- Ardleigh Green ward boundaries from 1978 to 2002
- Borough: Havering
- County: Greater London
- Population: 8,106 (1991)
- Electorate: 6,076 (1978)
- Major settlements: Ardleigh Green

Former electoral ward
- Created: 1978
- Abolished: 2002
- Councillors: 2
- ONS code: 02BBFB

= Ardleigh Green (ward) =

Defunct electoral ward in the London Borough of Havering

Ardleigh Green was an electoral ward in the London Borough of Havering from 1978 to 2002. The ward was first used in the 1978 elections.
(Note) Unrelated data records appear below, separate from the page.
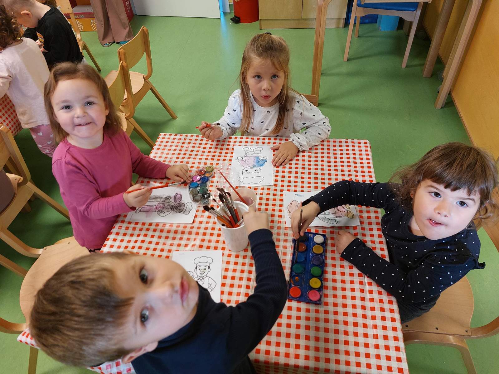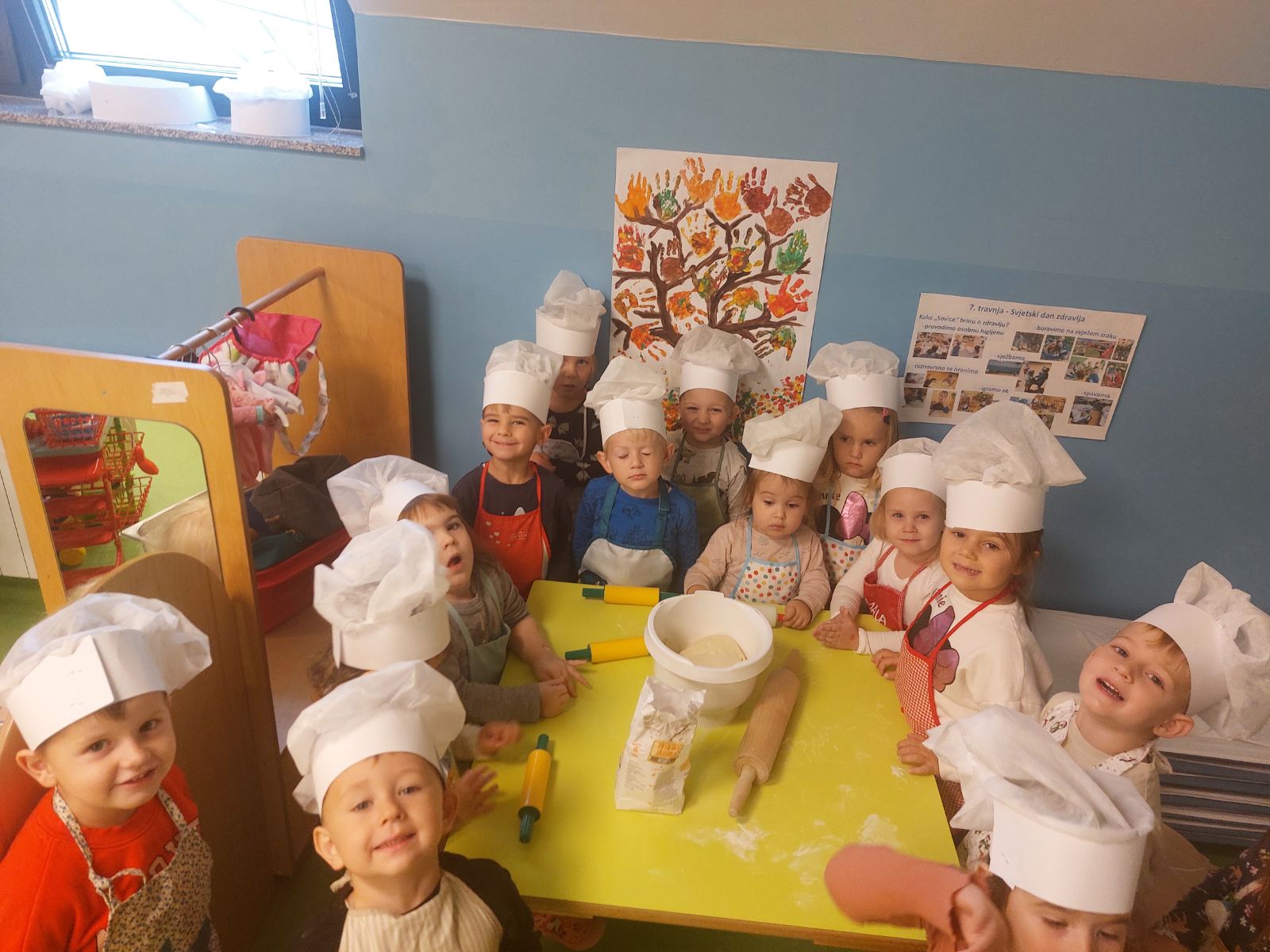 U trećem smo tjednu obilježili Dane kruha i zahvalnosti za plodove zemlje. Od dignutog smo tijesta razvaljali i ispekli klipiće, svatko svoj „za doma“, a jednu smo „turu“ pojeli u vrtiću. Baš su bili ukusni! Naučili smo pjevati pjesmicu „Pekarčić“, bojali smo i crtali peciva i kruh.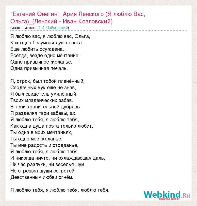 Я люблю вас, я люблю вас, Ольга, Как одна безумная душа поэта Еще любить осуждена. Всегда, везде одно мечтанье, Одно привычное желанье, Одна привычная печаль. Я, отрок, был тобой пленённый, Сердечных мук еще не знав, Я был свидетель умилённый Твоих младенческих забав. В тени хранительной дубравы Я разделял твои забавы, ах. Я люблю тебя, я люблю тебя, Как одна душа поэта только любит, Ты одна в моих мечтаньях, Ты одно моё желанье. Ты мне радость и страданье, Я люблю тебя, я люблю тебя. И никогда ничто, ни охлаждающая даль, Ни час разлуки, ни веселья шум, Не отрезвят души согретой Девственным любви огнём. Я люблю тебя, я люблю тебя, люблю тебя.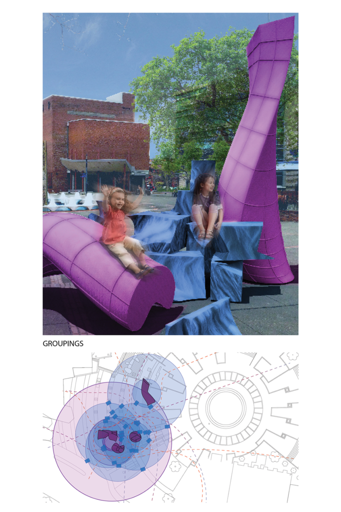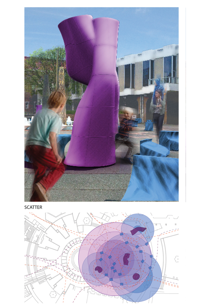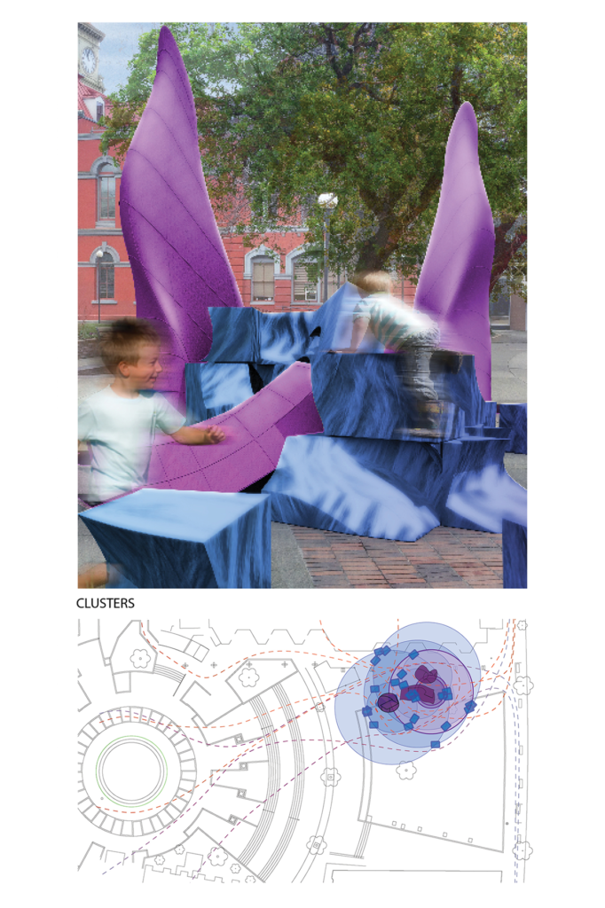 Our project approaches the question of play from how the choreography of the square can provide opportunities that are not immediately apparent. We propose four large catalysts and twenty to thirty smaller “dancers”. The catalysts act as icons and beacons in the square, referring as well to the totems at the entry and fountain. The positioning of the catalyst is flexible and can be adjusted based on any event or need that the city has. The dancers are smaller and can be moved by people that use the square to sit and have lunch or rearranged as part of a game or obstacle course by children and their parents.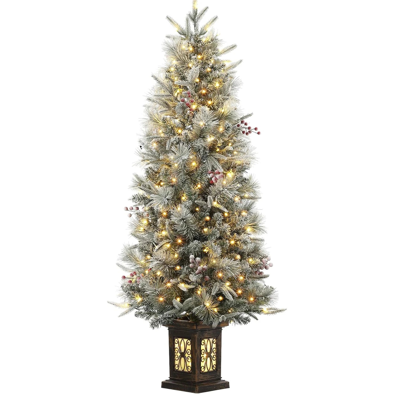 4.5ft Pre-Lit Flocked Artificial Christmas Tree Xmas Tree With 386 Branch Tips & 200 Lights For Home Party Decor Room Ornaments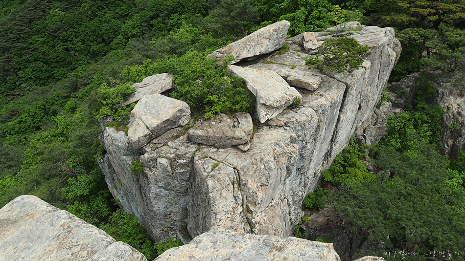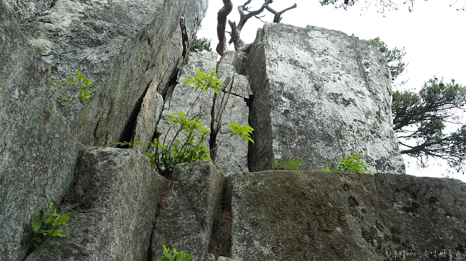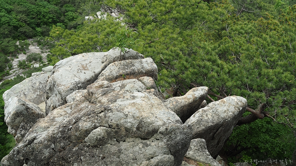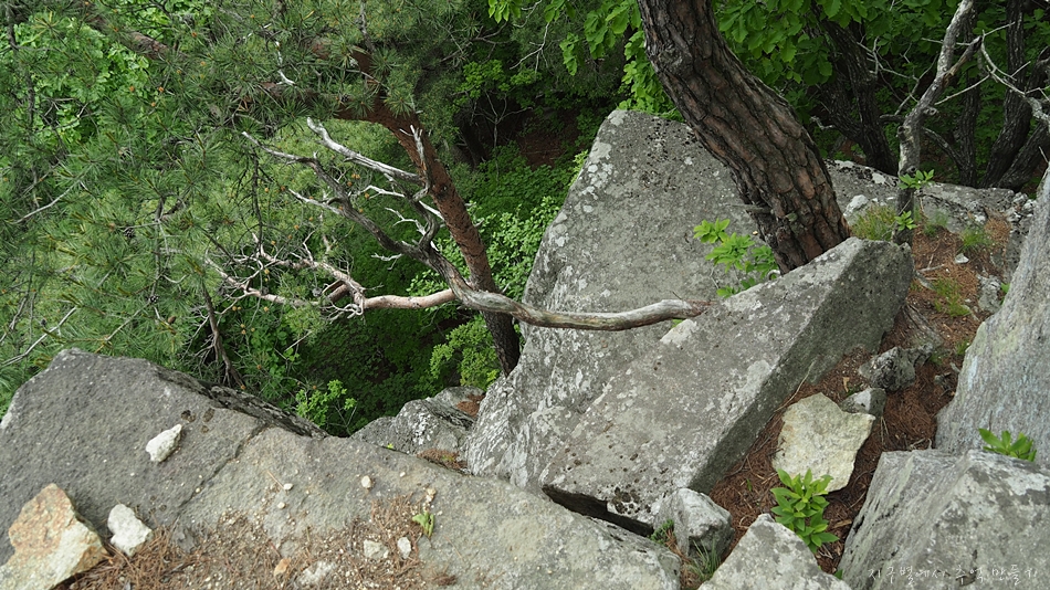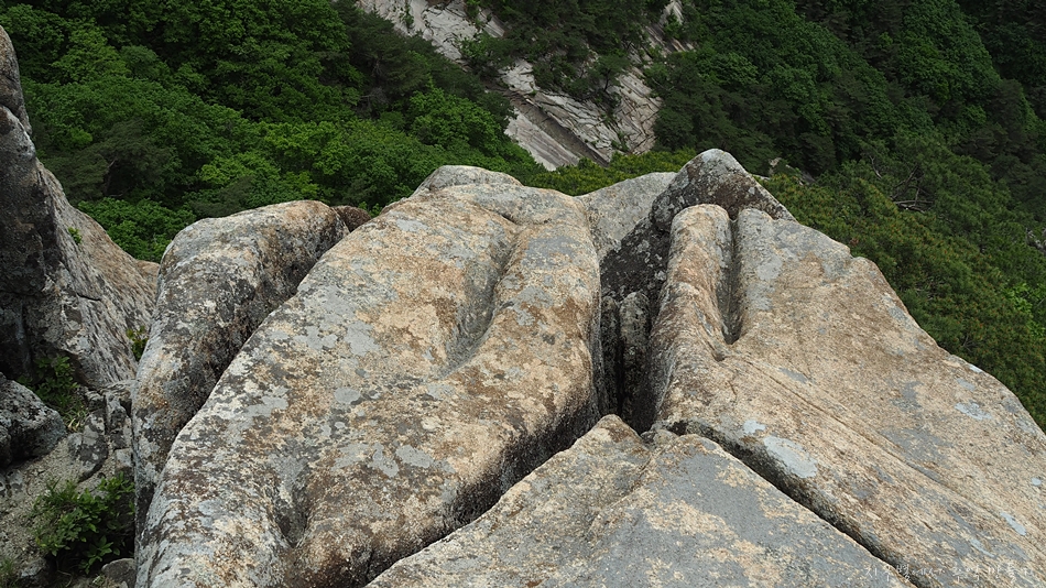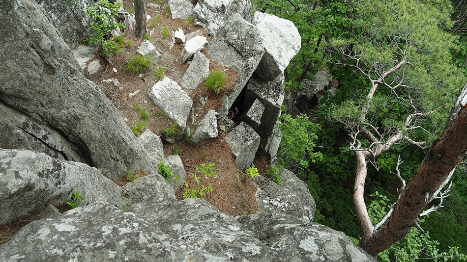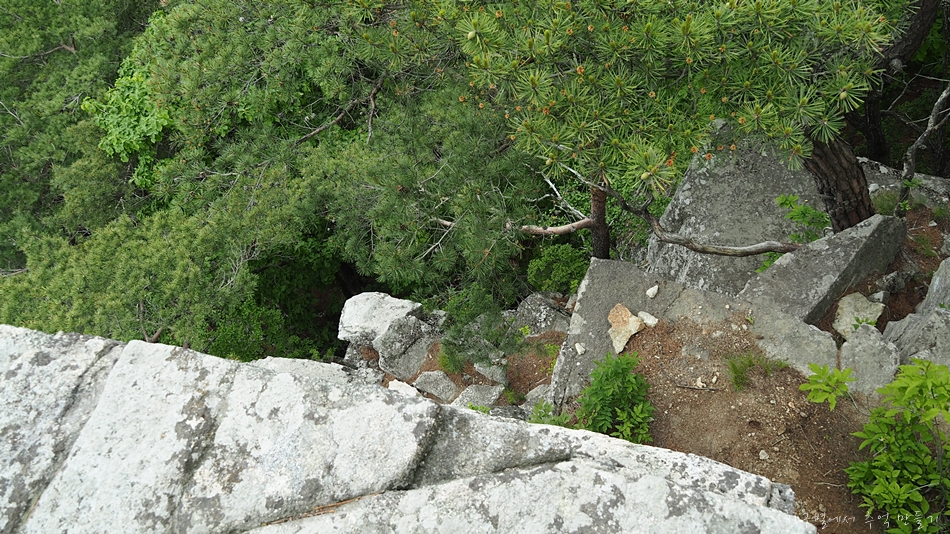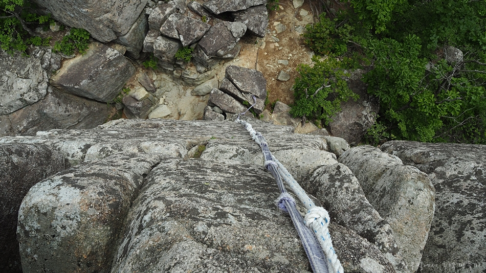 용바위 머리 부분인 장군봉에서 아래로 내려가는 구간은 10여m 직벽입니다.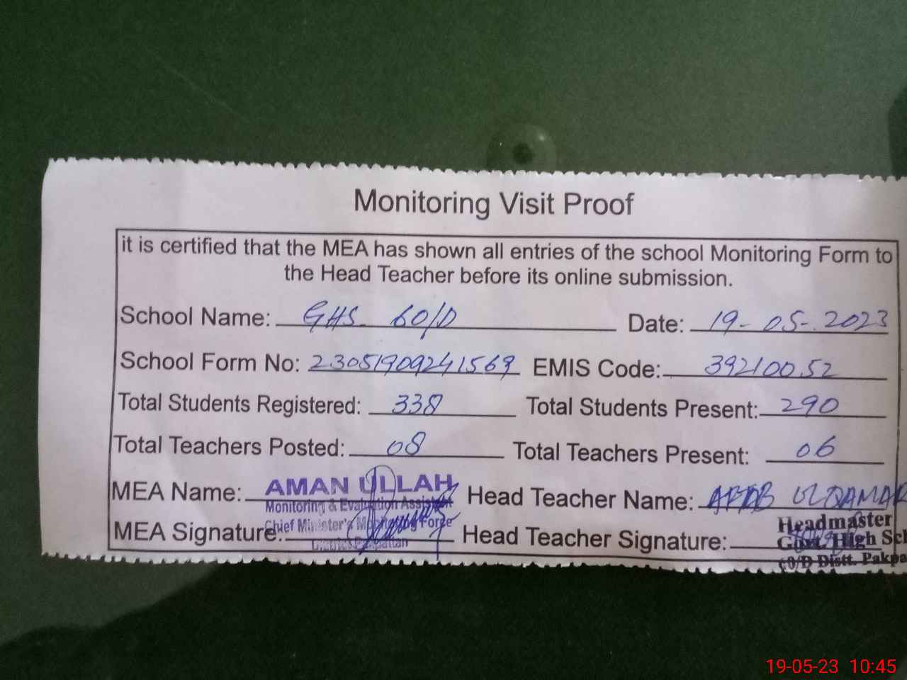 | EMIS Code: 39210052 | Name of School: GHS 60/D P/O CHAK BADIA | |||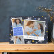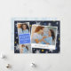 Cute Hanukkah photo card features a photo booth strip with two photos and a blue text panel, plus an instant camera-inspired snapshot with a handwritten caption. Personalise with the year and your family name or custom message, on a navy blue background dotted with hand drawn snowflakes and blue and gold stars.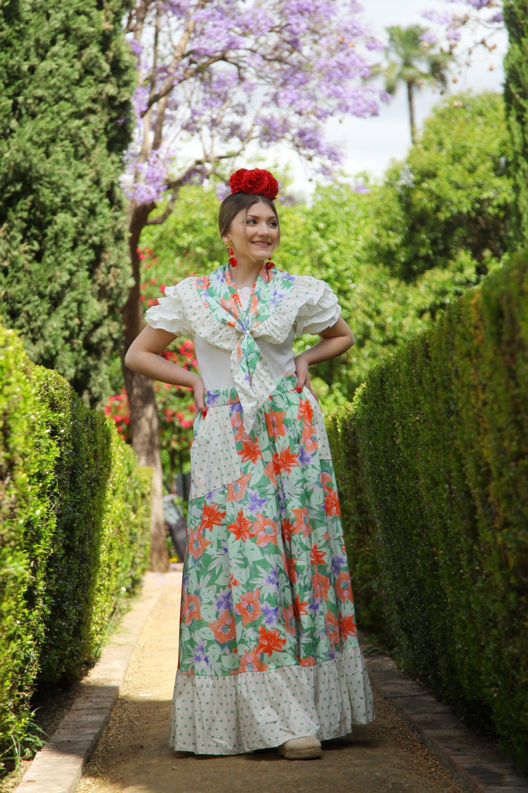 CONJUNTO FALDA + PIQUILLO ESTAMPADO DE FLORES Y LUNARES EN VERDE PÁLIDO
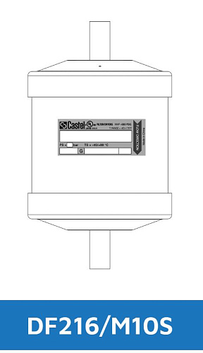 Фильтр-осушитель CASTEL DF216/M10S предназначен для механической очистки и осушки хладаносителя с дополнительной функцией нейтрализации кислот; его рабочая ёмкость порядка 250 см3 обеспечивает поглощение влаги и продуктов коррозии в пределах объёма протекающей среды. Диапазон рабочих температур устройства от −40 °C до +80 °C и расчётное предельное рабочее давление до 50 бар определяют возможность эксплуатации в широком спектре холодильных контуров при высоких температурно‑давлениях.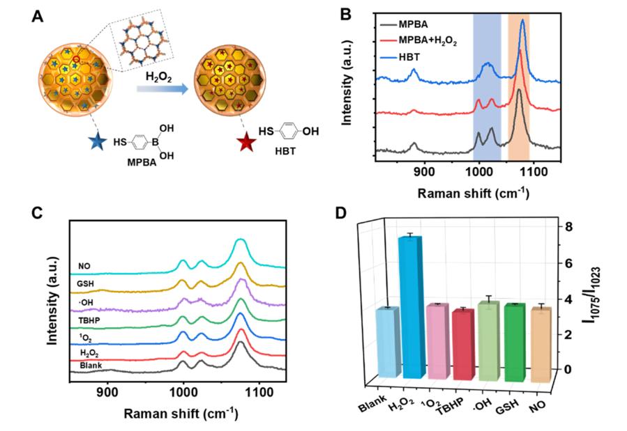 圖2(A)Au@COF/MPBA納米傳感器感應(yīng)機制。(B) MPBA、MPBA與H2O2和HBT的拉曼光譜。(C) Au@COF/MPBA被不同氧化后的拉曼光譜圖(D) Au@COF/MPBA被不同氧化后的I1075/I1023拉曼峰強度比,Au@COFn濃度為0.5 nM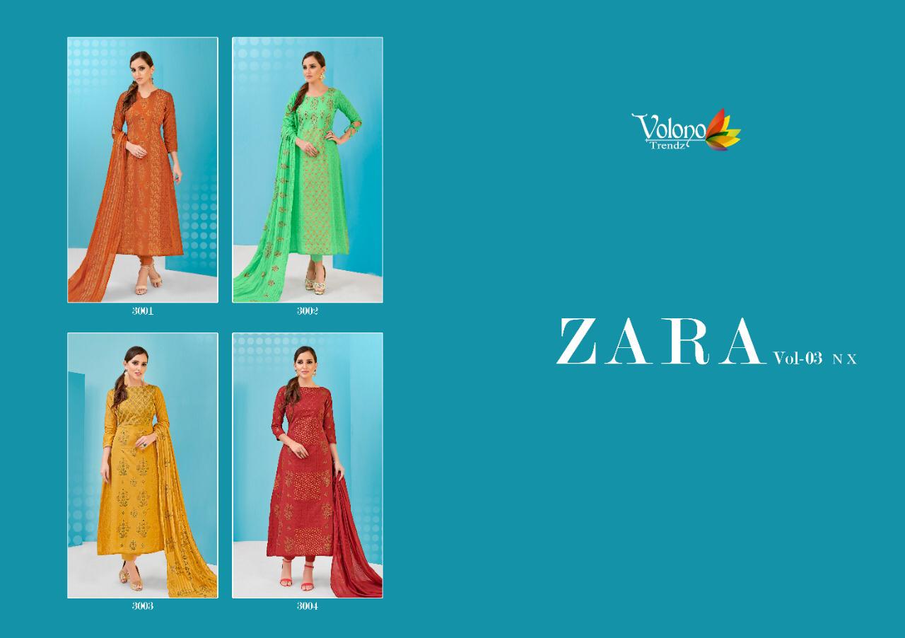 Buy Online Zara Vol 3 Nx By Volono Trendz Dress Materials Wholesale Supplier And Dealer Gujarat 4 Pcs of Full Catalogue at Wholesale Price. Looking for Zara Vol 3 Nx By Volono Trendz Dress Materials Wholesale Supplier And Dealer Gujarat Full Catalouge at Best Price? Buy Now Zara Vol 3 Nx By Volono Trendz Dress Materials Wholesale Supplier And Dealer Gujarat at Wholesale Rate of Rs 2780 with Total 4 Pcs from authroized dealer and supplier of VOLONO TRENDZ Brand. Cost of Each piece is just only Rs 695 which is very low and affordable price to resale the product in your retail store ,This is Surat based Wholesale Supplier & Dealer of VOLONO TRENDZ Brand. Click on Brand name to Know more about VOLONO TRENDZ Brand's products.Call or Whatsapp on 9898838984 for booking or enquiry

It returned two councillors to Havering London Borough Council.

==Havering council elections==
===1998 election===
The election on 7 May 1998 took place on the same day as the 1998 Greater London Authority referendum.

1998 Havering London Borough Council election: Ardleigh Green
| Party |  | Candidate | Votes | % | ±% |
|---|---|---|---|---|---|
|  | Conservative | Edward Cahill | 867 |  |  |
|  | Conservative | Mark Gadd | 779 |  |  |
|  | Ind. Residents | Keith Donovan | 605 |  |  |
|  | Labour | Janet Fisher | 555 |  |  |
|  | Ind. Residents | Richard Arnold | 533 |  |  |
|  | Labour | David Harding | 512 |  |  |
|  | Liberal Democrats | Peter Spence | 145 |  |  |
|  | Liberal Democrats | Helen Tegg | 120 |  |  |
| Turnout |  |  |  |  |  |
|  | Conservative hold |  | Swing |  |  |
|  | Conservative hold |  | Swing |  |  |

===1994 election===
The election took place on 5 May 1994.

1994 Havering London Borough Council election: Ardleigh Green
| Party |  | Candidate | Votes | % | ±% |
|---|---|---|---|---|---|
|  | Conservative | Ronald Latchford | 1,081 | 39.56 | −15.96 |
|  | Conservative | Peter Gardner | 1,066 |  |  |
|  | Liberal Democrats | Terry Hurlstone | 877 | 32.19 | +18.64 |
|  | Liberal Democrats | Valerie Goodwin | 871 |  |  |
|  | Labour | Gordon Thompson | 779 | 28.25 | −2.68 |
|  | Labour | Kevin Robinson | 755 |  |  |
| Turnout |  |  |  |  |  |
|  | Conservative hold |  | Swing |  |  |
|  | Conservative hold |  | Swing |  |  |

===1990 election===
The election took place on 3 May 1990.

1990 Havering London Borough Council election: Ardleigh Green
| Party |  | Candidate | Votes | % | ±% |
|---|---|---|---|---|---|
|  | Conservative | Peter Gardner | 1,549 | 55.52 |  |
|  | Conservative | Ronald Latchford | 1,517 |  |  |
|  | Labour | Robert Kirchner | 884 | 30.93 |  |
|  | Labour | Kevin Robinson | 823 |  |  |
|  | Liberal Democrats | John Hewitt | 404 | 13.55 |  |
|  | Liberal Democrats | Helen Tegg | 344 |  |  |
| Turnout |  |  |  |  |  |
|  | Conservative hold |  | Swing |  |  |
|  | Conservative hold |  | Swing |  |  |

===1986 election===
The election took place on 8 May 1986.

1986 Havering London Borough Council election: Ardleigh Green
| Party |  | Candidate | Votes | % | ±% |
|---|---|---|---|---|---|
|  | Conservative | Ronald Latchford | 1,366 |  |  |
|  | Conservative | Peter Gardner | 1,296 |  |  |
|  | Labour | Jeanette Thomas | 597 |  |  |
|  | Labour | Philip Wagstaff | 529 |  |  |
|  | Alliance | Aidan Corish | 430 |  |  |
|  | Alliance | Helen Tegg | 408 |  |  |
|  | Green | Michael Wilson | 76 |  |  |
| Turnout |  |  |  |  |  |
|  | Conservative hold |  | Swing |  |  |
|  | Conservative hold |  | Swing |  |  |

===1983 by-election===
The by-election took place on 10 November 1983, following the resignation of Leonard Trott.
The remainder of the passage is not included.